Correct Answer A: Genetics

Explanation:

Genetics is a non-modifiable risk factor because it cannot be changed or influenced by behavior or lifestyle. A person’s inherited genetic makeup can predispose them to certain diseases, such as diabetes, heart disease, or certain cancers. While the effects of genetic risk can sometimes be managed, the genetic trait itself cannot be modified.
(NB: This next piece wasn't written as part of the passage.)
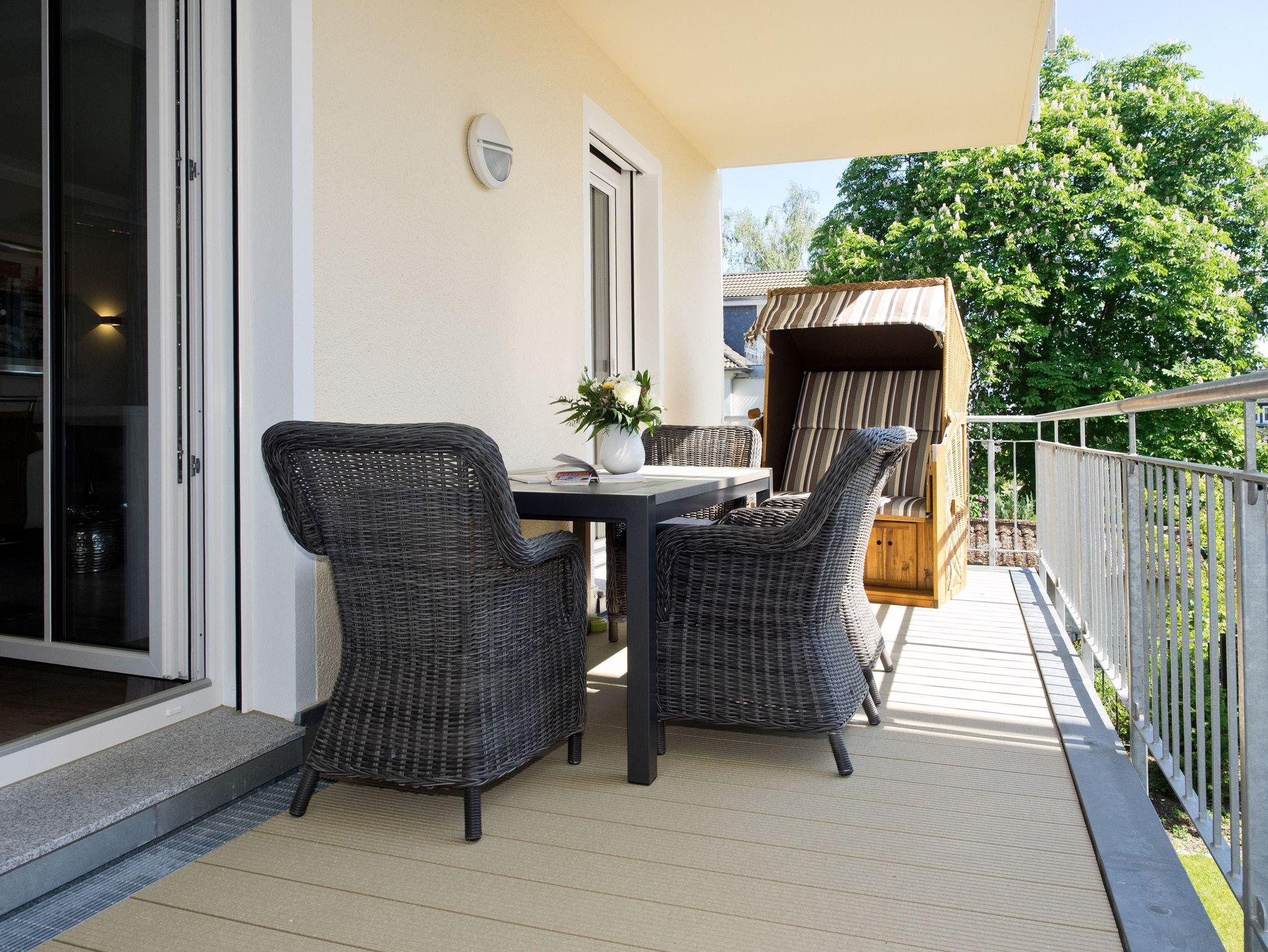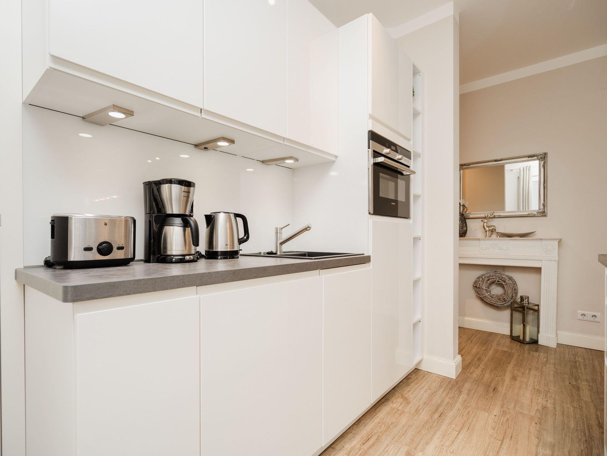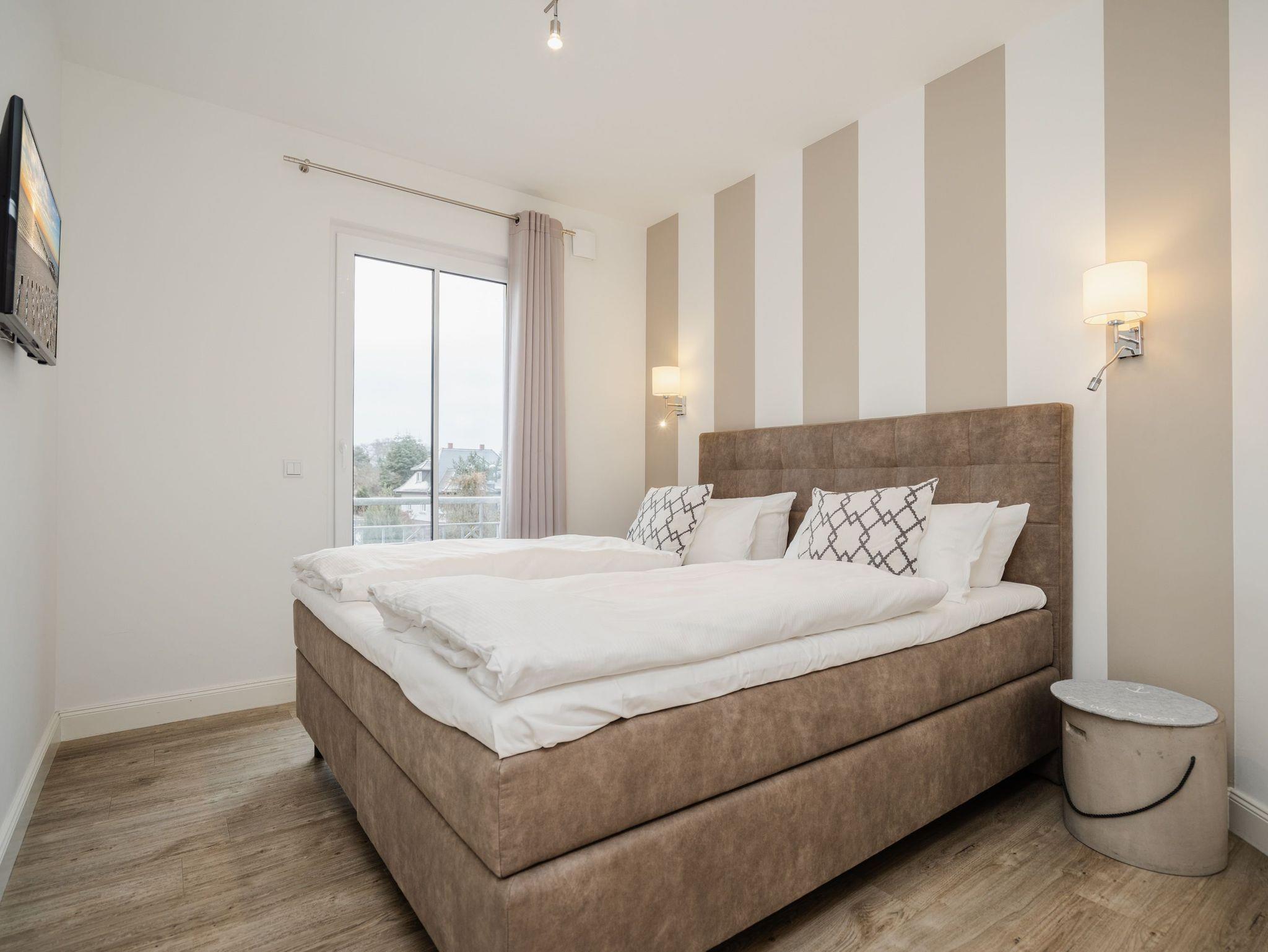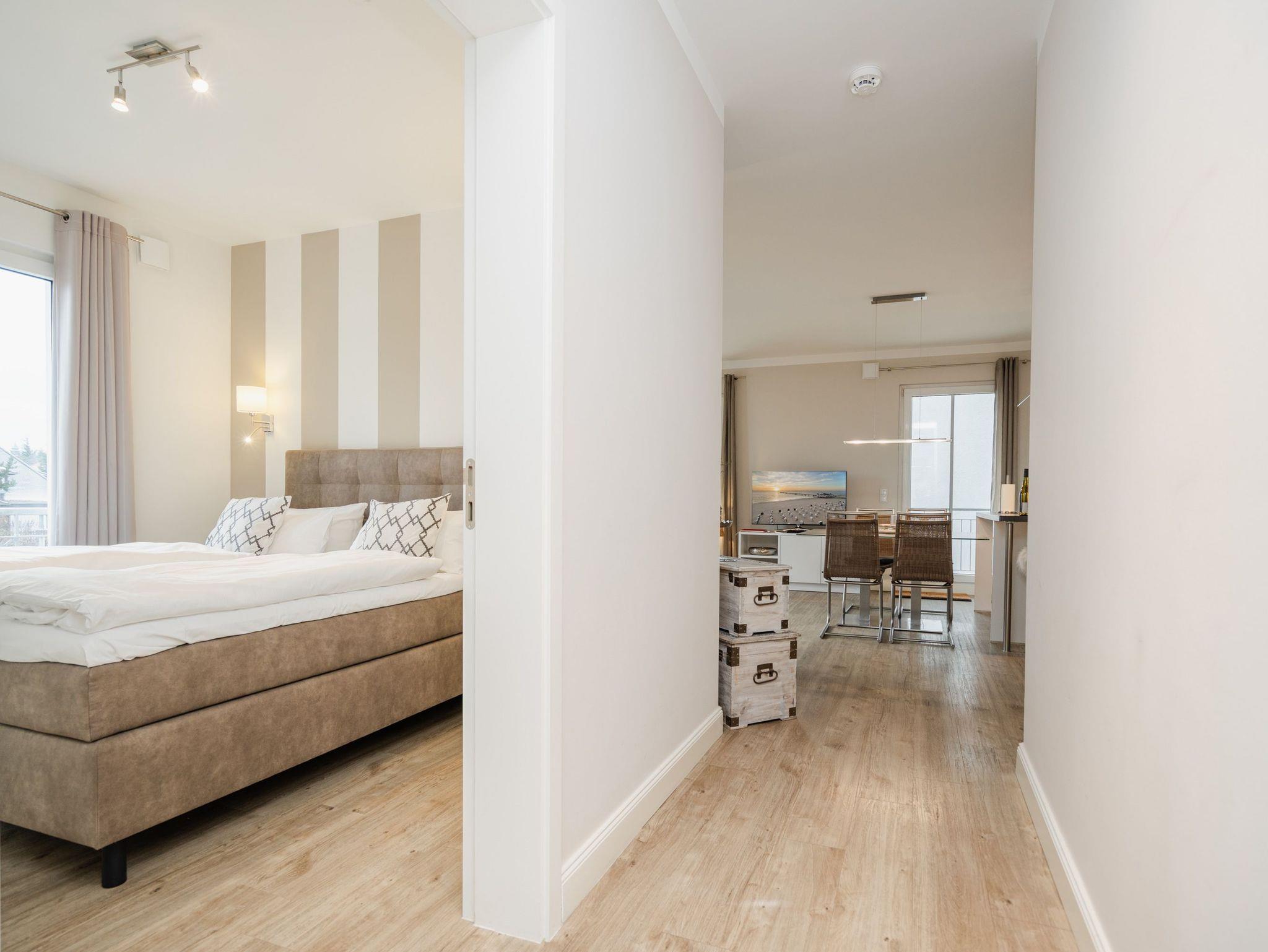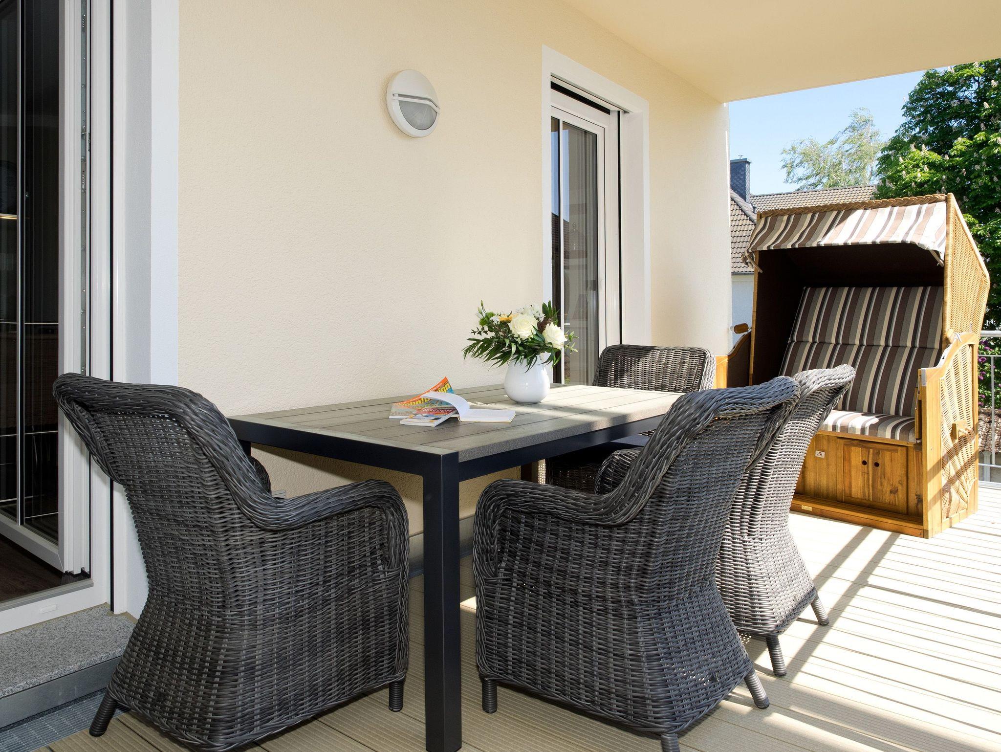 Wunderschön Urlauben! Die neue 3-Raum-Ferienwohnung ( 90 qm) im 1. Obergeschoss des Vorderhauses bietet Platz für 4 Personen und 1 Kleinkind ( bis 3 Jahre im Kinderreisebett). Die zeitlos elegante Möblierung und die klaren Linien und Farben wirken modern und stylisch und dennoch gemütlich und kuschlig - Urlaubsfeeling pur! Der helle Wohnbereich mit gemütlicher Sitzgruppe, Flat-TV und modernem Design-Gaskamin (per Fernbedienung zu nutzen) wird ergänzt durch die offene, komplett ausgestattete Küche mit Essplatz. Zwei Schlafzimmer mit komfortablen Boxspringbetten und Flat-TV (1x mit großzügigem begehbaren Kleiderschrank) sorgen für erholsame Nächte. Ein besonderes Highlight ist die wohnungseigene Sauna, die im schönen Bad mit Echtglasdusche integriert ist. Ein Balkon zur Westseite, Pkw-Stellplatz in der Tiefgarage Nr. 8 , WLAN-Netz kostenfrei nutzbar. Für Ihren Komfort steht die Erstausstattung Wäsche für Sie bereit. Für Kleinkinder können ein Babyreisebett (ohne Matratze und Kinderbettzeug) und ein Kinderhochstuhl gegen einen Aufpreis bestellt werden.

Why the Other Options Are Incorrect:

B. Sunbathing

Sunbathing is a modifiable behavior. Individuals can reduce their risk for skin cancer and other sun-related conditions by using sunscreen, wearing protective clothing, and avoiding peak sun exposure.

C. Smoking

Smoking is a major modifiable risk factor for numerous diseases, including lung cancer, heart disease, and stroke. Quitting smoking reduces health risks significantly.

D. Unhealthy diet

An unhealthy diet is a modifiable risk factor. People can make dietary changes to improve their health and reduce the risk of conditions such as obesity, hypertension, and type 2 diabetes.


2.

A nurse is planning care for a client who has a tracheostomy. Which of the following interprofessional team members should the nurse anticipate a provider's prescription for a referral to manage the client's tracheostomy?

  • Occupational therapist

  • Respiratory therapist

  • Social worker

  • Registered dietitian

Explanation

Correct Answer: B. Respiratory therapist

Explanation:

A respiratory therapist specializes in airway management and will assist with the care and maintenance of a tracheostomy. This includes suctioning, changing inner cannulas, managing oxygen delivery systems, and providing education on tracheostomy care. Collaboration with a respiratory therapist ensures proper airway clearance, optimal oxygenation, and prevention of complications such as obstruction or infection, making them the appropriate referral for tracheostomy management.


3.

 Which of the following is the correct amount in milliliters (mL) the nurse should administer for a diphenhydramine 30 mg IM stat dose? Available is diphenhydramine 50 mg/1 mL

  • 0.4 mL

  • 0.5 mL

  • 0.6 mL

  • 0.7 mL

Explanation

Correct Answer C: 0.6 mL

Explanation:

To determine the volume to administer, divide the prescribed dose by the concentration available. The provider ordered 30 mg of diphenhydramine, and the vial contains 50 mg per 1 mL. Using the formula 30 mg ÷ 50 mg/mL equals 0.6 mL. This is the exact volume needed to deliver 30 mg of the medication. The answer is correctly rounded to the nearest tenth and includes a leading zero without a trailing zero, as per medication calculation standards.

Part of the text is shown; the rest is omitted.